I can count on two hands the people I can say, truthfully, I've clashed with in life. I can likely remember every one of their full names.
I take people as they are. Yes, I may draw wrong conclusions about them, doesn't everybody, at some point? Irrational and illogical behaviour may irritate me, but eventually I shrug and come to the conclusion life is too short to make a big deal out of it. I say, after putting the furniture back together that I've thrown around the room...
But - equally - I can count on two hands (but only just - start counting on the second hand that is) the number of people I have actually clicked with. My ally in the church, for instance; someone commented that they are like a sibling to me. Separated at birth? I muse...well, in fact all children in Christ were, if you think about it, we were there at creation, doomed to be parted until He hung on a tree for us to bring hope that we will be eternally united. But, yes, that person is special because we think in the same way, and have similar churchy-type upbringing.
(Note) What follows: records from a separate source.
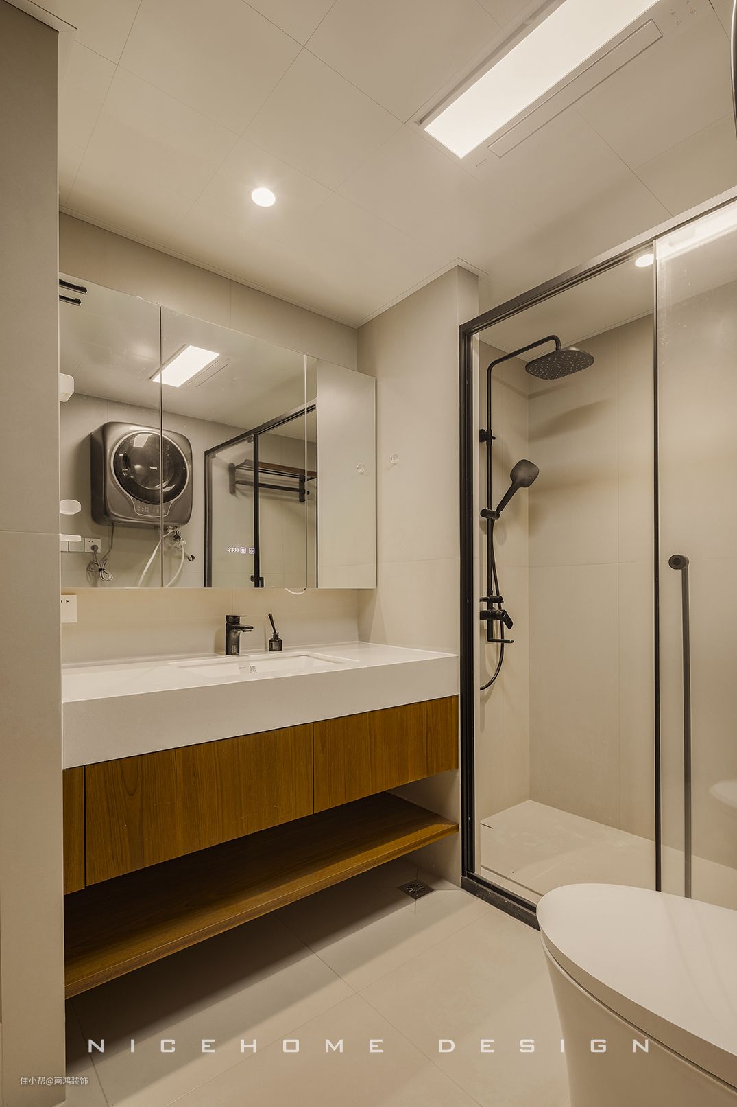 除了正常的洗衣机、烘干机外,家里有宝宝或者对内衣清洁要求高的,都会在洗手间安装个壁挂小洗衣机,记得预埋50管,方便穿洗衣机管线,尺寸要严格,结合厂家的安装建议。
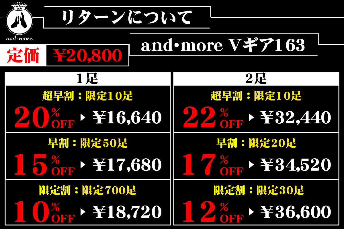 2023/07/28 18:09いつも応援いただき誠にありがとうございます。皆さまにご案内です。7月29日(土)8時に 『防水ブーツ Vギア163』のプロジェクトがスタートします。ご要望が多かった、Vギア163専用の中敷きを2足セットでご用意しています\ 100人限定です /【中敷き2足20%オフ】中敷き× 2足 2,290円(税込)「お気に入り」登録お願いしますVギア163はこちら応援よろしくお願い申し上げます。■公式LINE(サイズが不安な方はお気軽にメッセージください)こちら>>>and・more吉田博美 もっと見る
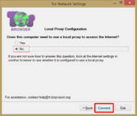 Шаг 5. Вы попадаете в окно Local Proxy Configuration. Оно предназначено для указания прокси, через который мы хотели бы соединяться с интернетом. Для большинства из нас прокси не требуется, мы напрямую подключаемся к своим провайдерам, так что нам тут делать нечего, отвечайте отрицательно «No» и жмите кнопку «Connect». Произойдёт попытка соединения с сетью Tor через только что настроенные нами мосты.

It's a blessing to find someone else to connect with, and I had a long conversation with them last night. We talked about this and that, the person recently widowed and what it's done to them, meetings, conferences, and...
...changes. They're changing church because they know God has told them to. Is this another signpost for me? And which way? They had wise words for me, but I was unwilling to go into the full story - no-one, not my SOH, not my allies, know the full story and I'm not ready to pour it all out. Not even here. Especially not here. I state nothing here that I wouldn't repeat to those I meet. God knows it all though. I've stated my woes verbally and my spirit has groaned with it for months now.
I really hope there is an answer. And soon.